**RECORDS PROVIDED**.

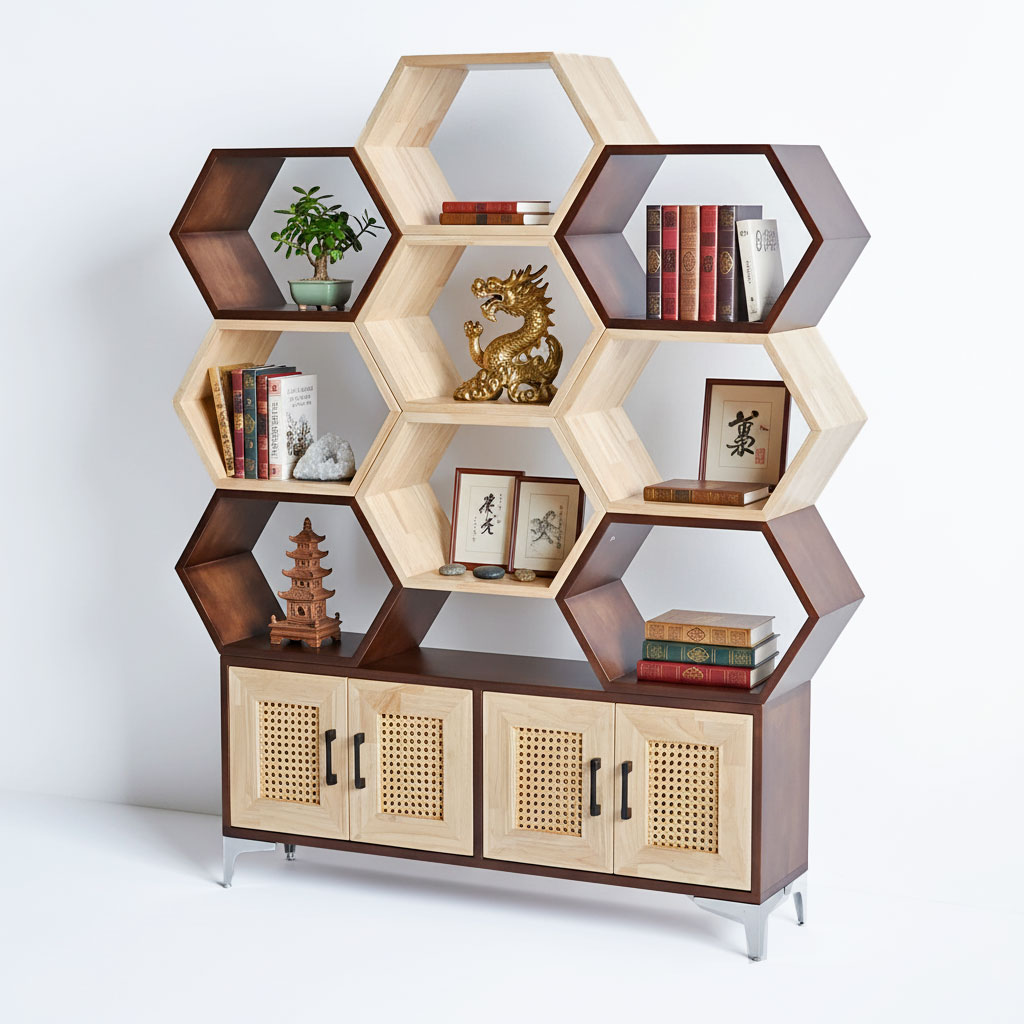 Điểm nhấn đặc biệt của tổ hợp kệ tổ ong KS68282 chính là chiếc tủ bên dưới, được thiết kế với những đường nét tinh tế, kết hợp cùng lưới mây mắt cáo tạo nên một không gian lưu trữ vừa kín đáo, vừa thông thoáng. Chiếc tủ không chỉ giúp tăng độ vững trãi cho kệ mà còn là nơi lý tưởng để bạn cất giữ những vật dụng cá nhân, giúp không gian sống trở nên gọn gàng, ngăn nắp hơn.
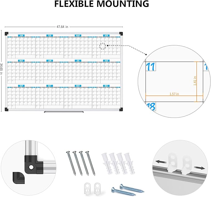 XBoard Magnetic Calendar Whiteboard 48" x 36", 12 Months Calendar Dry Erase Board, Silver Aluminium Framed White Board Planner for Home School Office Organization
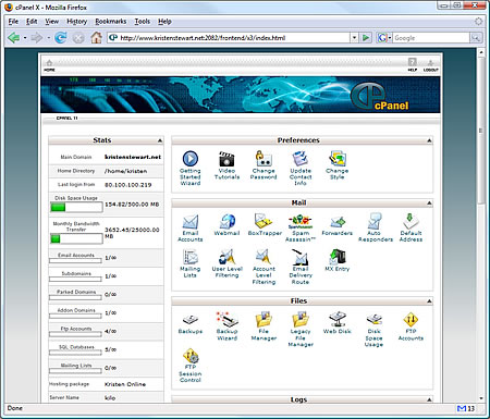 A cPanel website interface - available to all who host with FastLane Tek. |
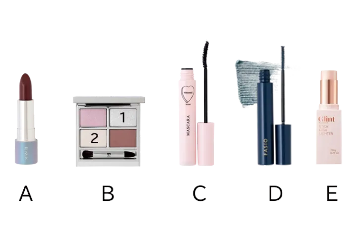 上下まつ毛にCを塗ったのち、Dを上まつ毛の目尻側の毛先にトッピング。Eを指で目の下全体に広くなじませる。
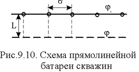 2.1.6.2 Приток к прямолинейной батареи скважин
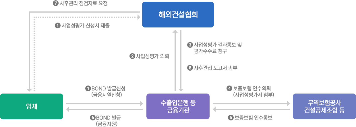 해외건설 프로젝트의 특수성을 감안, 분야별 전문가에 의한 사업성평가를 통해 협회에서 은행 심사업평무 지원
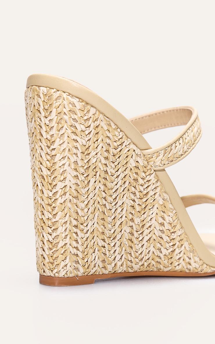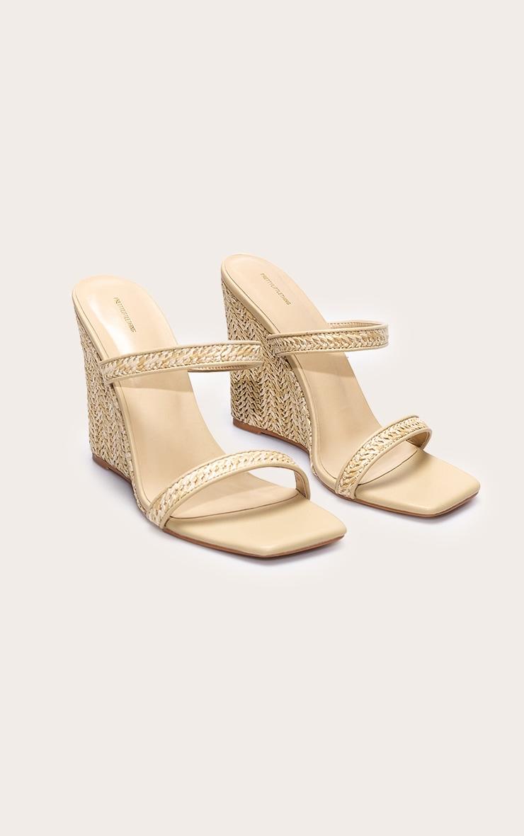 Made from a raffia material with a square toe design, a 4 inch heel and a flattering mule fit. Pair these raffia square toe high heeled mule wedges with your favorite outfit of the day to take any look from 0-100 instantly.p]:!mb-4inch>Brand: PrettyLittleThingCategory: FootwearProduct type: WedgesColor: BeigeOccasion: Evening
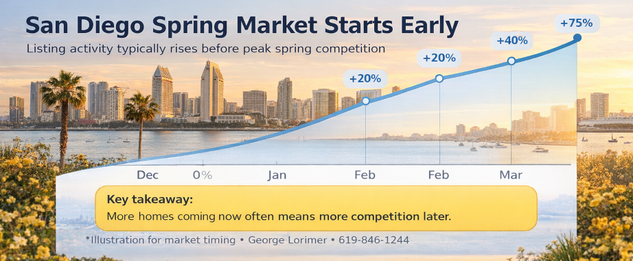 George Lorimer at 619-846-1244 Here’s what changes in San Diego starting mid-January: buyers come back fast, inventory rises more slowly, and the market speed picks up week by week. This is the “Winter Market” window (mid-Jan ? mid-Mar). On the call, I’ll give you a simple plan for your timeline (buying, selling, or both) — and I’ll tell you what I’d do if it were my money. Most people make the same mistake: they rely on an online estimate or last year’s sale and assume it applies today. It doesn’t. What matters is what buyers are willing to pay right now, not what they can buy this weekend. Free Reports (fast + actually useful): Not Just an Online Estimate — Real home value + (optional) instant cash offers. Your Home Value through a Buyer’s Eyes — pricing like pros + buyer objections + what to fix (and what not to). Request the Buyer’s Eyes version (or call/text 619-846-1244) What Buyers Are Paying (Real Numbers) — the gap between list price and reality, plus what’s getting discounted. Sellers: Buyers: Homes with 2–3% assumable mortgages — this can save thousands per year vs today’s rates. See the assumable list (text me “ASSUMABLE” for the newest options) Don’t compete with other buyers — request unlisted / off-market homes in your preferred neighborhood. Request off-market access (or text me: neighborhood + price range) Active Homes + Competing Neighborhoods — the simple lens that helps sellers maximize price and get it sold. Get my free report: Your Home Value through a Buyer’s Eyes right here. Here’s the deal: most people wait until Spring and then wonder why it feels stressful and expensive. If you want a calmer, smarter path — get the numbers now and choose your window on purpose. Call/Text George Lorimer: 619-846-1244 ProWest Properties, DRE# 01146839. Your Home Sold Guaranteed or I’ll Buy It!* *Conditions apply. Disregard if currently listed for sale.
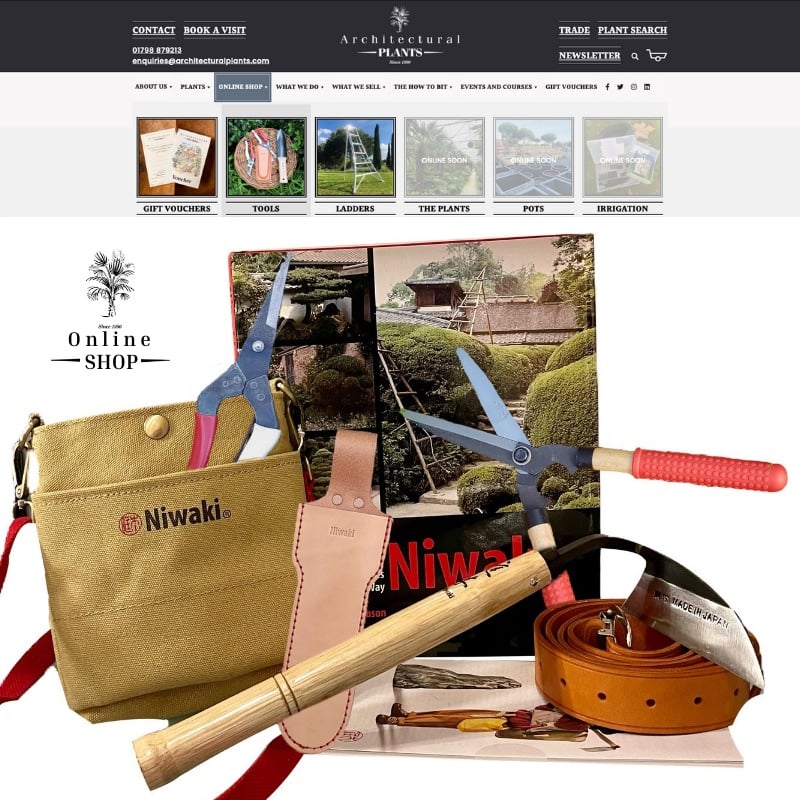 We don’t mind admitting that we have launched our online shop with a certain amount of trepidation. In the past, plans to provide our customers with an online mail order service have been hindered by all sorts of questions – not least, how to overcome the often unsociable nature of e-shopping or indeed how to send you our plants (living things) so that they arrive in perfect condition. However, we now believe we’ve developed a system that will allow you to hunt for all our available products and provide you with sensible categories for their safe delivery. You can now get hold of all the tools, ladders, irrigation components, lifestyle accessories and AP Gift Vouchers you might possibly want from our online shop.
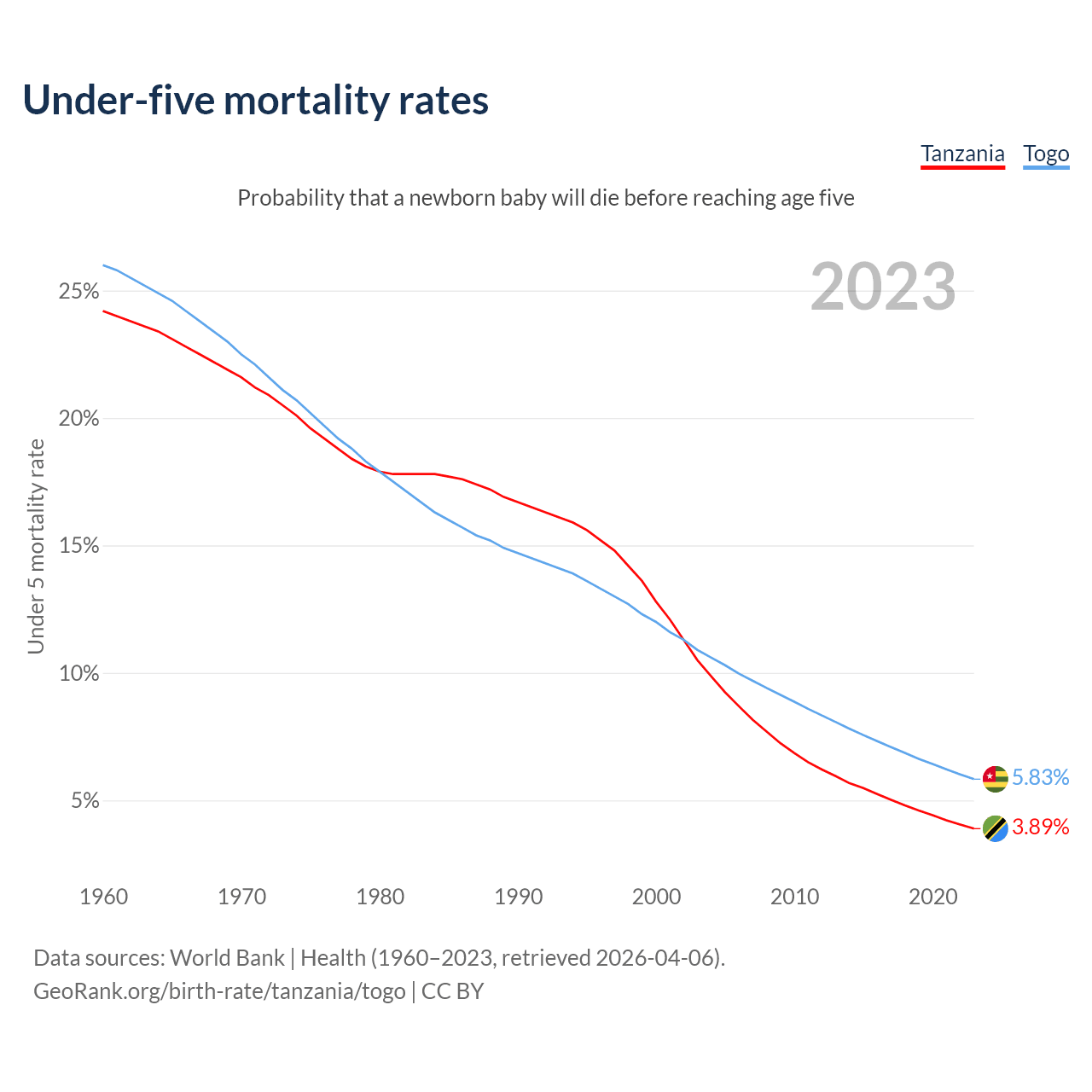 The chance that a newborn baby will die before reaching age five is 3.89% in Tanzania and 5.83% in Togo. Above is a chart with historical data on under-five mortality rates.
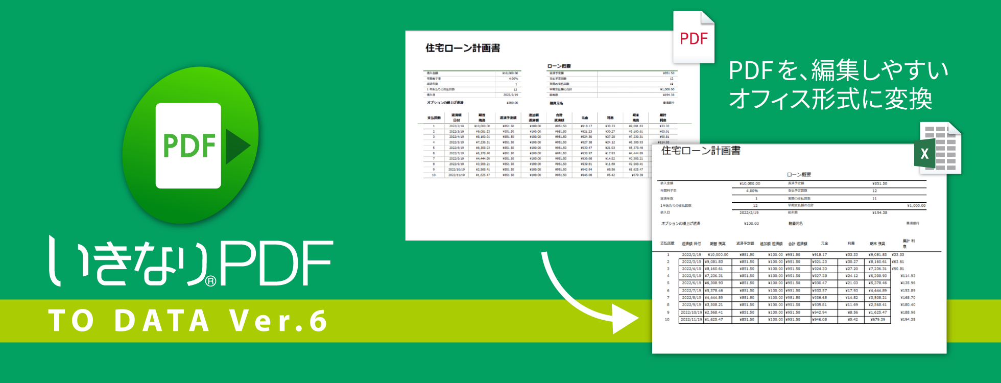 元のレイアウトを保持したまま変換できます。Excelでは表組みをセルとして再現。数値の扱いも快適です。
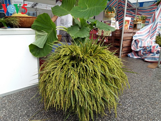 「コム作りの原材料は、主に若いもち米のネップ・カイ・ホア・バンです。ホン河デルタ地方のバクニン省や北部のバクザン省などで収穫されたものです。メーチー村のコムは、つくと薄くなって、いい香りと粘りのある食感が楽しめます。見た目も食用の青い色素を全く使わずに、コメそのものの青色を生かしています。」

**WHAT THE TASK ASKS**. Everything in the preceding material must be transcribed exactly, except the images.

**RESPONSE**.
 Điểm nhấn đặc biệt của tổ hợp kệ tổ ong KS68282 chính là chiếc tủ bên dưới, được thiết kế với những đường nét tinh tế, kết hợp cùng lưới mây mắt cáo tạo nên một không gian lưu trữ vừa kín đáo, vừa thông thoáng. Chiếc tủ không chỉ giúp tăng độ vững trãi cho kệ mà còn là nơi lý tưởng để bạn cất giữ những vật dụng cá nhân, giúp không gian sống trở nên gọn gàng, ngăn nắp hơn.
 XBoard Magnetic Calendar Whiteboard 48" x 36", 12 Months Calendar Dry Erase Board, Silver Aluminium Framed White Board Planner for Home School Office Organization
 A cPanel website interface - available to all who host with FastLane Tek. |
 上下まつ毛にCを塗ったのち、Dを上まつ毛の目尻側の毛先にトッピング。Eを指で目の下全体に広くなじませる。
 2.1.6.2 Приток к прямолинейной батареи скважин
 해외건설 프로젝트의 특수성을 감안, 분야별 전문가에 의한 사업성평가를 통해 협회에서 은행 심사업평무 지원
 Made from a raffia material with a square toe design, a 4 inch heel and a flattering mule fit. Pair these raffia square toe high heeled mule wedges with your favorite outfit of the day to take any look from 0-100 instantly.p]:!mb-4inch>Brand: PrettyLittleThingCategory: FootwearProduct type: WedgesColor: BeigeOccasion: Evening
 George Lorimer at 619-846-1244 Here’s what changes in San Diego starting mid-January: buyers come back fast, inventory rises more slowly, and the market speed picks up week by week. This is the “Winter Market” window (mid-Jan ? mid-Mar). On the call, I’ll give you a simple plan for your timeline (buying, selling, or both) — and I’ll tell you what I’d do if it were my money. Most people make the same mistake: they rely on an online estimate or last year’s sale and assume it applies today. It doesn’t. What matters is what buyers are willing to pay right now, not what they can buy this weekend. Free Reports (fast + actually useful): Not Just an Online Estimate — Real home value + (optional) instant cash offers. Your Home Value through a Buyer’s Eyes — pricing like pros + buyer objections + what to fix (and what not to). Request the Buyer’s Eyes version (or call/text 619-846-1244) What Buyers Are Paying (Real Numbers) — the gap between list price and reality, plus what’s getting discounted. Sellers: Buyers: Homes with 2–3% assumable mortgages — this can save thousands per year vs today’s rates. See the assumable list (text me “ASSUMABLE” for the newest options) Don’t compete with other buyers — request unlisted / off-market homes in your preferred neighborhood. Request off-market access (or text me: neighborhood + price range) Active Homes + Competing Neighborhoods — the simple lens that helps sellers maximize price and get it sold. Get my free report: Your Home Value through a Buyer’s Eyes right here. Here’s the deal: most people wait until Spring and then wonder why it feels stressful and expensive. If you want a calmer, smarter path — get the numbers now and choose your window on purpose. Call/Text George Lorimer: 619-846-1244 ProWest Properties, DRE# 01146839. Your Home Sold Guaranteed or I’ll Buy It!* *Conditions apply. Disregard if currently listed for sale.
 We don’t mind admitting that we have launched our online shop with a certain amount of trepidation. In the past, plans to provide our customers with an online mail order service have been hindered by all sorts of questions – not least, how to overcome the often unsociable nature of e-shopping or indeed how to send you our plants (living things) so that they arrive in perfect condition. However, we now believe we’ve developed a system that will allow you to hunt for all our available products and provide you with sensible categories for their safe delivery. You can now get hold of all the tools, ladders, irrigation components, lifestyle accessories and AP Gift Vouchers you might possibly want from our online shop.
 The chance that a newborn baby will die before reaching age five is 3.89% in Tanzania and 5.83% in Togo. Above is a chart with historical data on under-five mortality rates.
 元のレイアウトを保持したまま変換できます。Excelでは表組みをセルとして再現。数値の扱いも快適です。
 「コム作りの原材料は、主に若いもち米のネップ・カイ・ホア・バンです。ホン河デルタ地方のバクニン省や北部のバクザン省などで収穫されたものです。メーチー村のコムは、つくと薄くなって、いい香りと粘りのある食感が楽しめます。見た目も食用の青い色素を全く使わずに、コメそのものの青色を生かしています。」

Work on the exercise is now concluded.